ANIMATION: THE ALTERATION OF SHAPE THROUGH TIME

 

1.      From poetry to animation

 

Animation is the term that I use to describe the somewhat rare works of art that occupy the next position on the spectrum.  These works are different than animated films, which are works telling a story in images. 

 

 

What happens at the present point on the spectrum is that the images that arose out of the meanings of the words in poetry are freed from that dependence and exist on their own in space through time.   The images take on a life of their own.  They also appear externally.    They are controlled directly through spatial means, with the artist making aesthetic choices based on how these images change or evolve through time.

 

2.  The images are external but inaccessible

 

The images in animation are often projected onto a screen.  Just as with the images of poetry (which lie in our imagination), we cannot intervene during a showing to physically change their content.  Though the images appear outside of us, they lie in a space that is different than ours.  Cause and effect does not cross the boundary of our space and the work’s space.  The images have no substance in our reality.  This will change with the next art, dance.

 

3.  The temporal volatility of these images

 

As with poetry, animation’s images can exhibit tremendous volatility through time.

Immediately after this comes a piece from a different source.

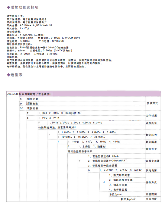 • 液位计配件及防腐产品 HW-LZ-CZ磁致伸缩液位计 HW-LZ-UK磁性浮球液位计 HW-LZ-UH磁性浮子液位计

Space is still a passive abider of these changes, exerting no resistance to this flux.  Time can test the limits of space’s ability to abide despite radical changes. 

 

 

At this point on the spectrum, space does not yet have much of a ‘hold’ on the content that appears in it. 

 

This changes with dance because its “images,” the dancers,  are material objects. 

 

4.  How form changes in time: dynamic versus static form

 

There are two aspects to form, one purely spatial, and one partaking of the nature of time.  Static form is the form that we see in front of us at any given moment in time.  All its properties are deducible from the relationship of its parts in space.  If this form begins to change, in addition to our seeing a series of new static forms, we also perceive the way the static forms are changing.  This “way” I call dynamic form, and it cannot be described entirely by reference to space, but must include a quality of change: which is how it happens in time. 

 

 

 

 

Two ways in time a small triangle can change into a larger one.

 

In a work of animation we can see a circle changing into a square. The qualities of this change, including its rate, are temporal.  There are an unlimited number of ways change can occur to images, and this is the primary concern of the animation artist.  The succession of static forms in space provides the context which enables us to explore the more fundamental quality of the change through time.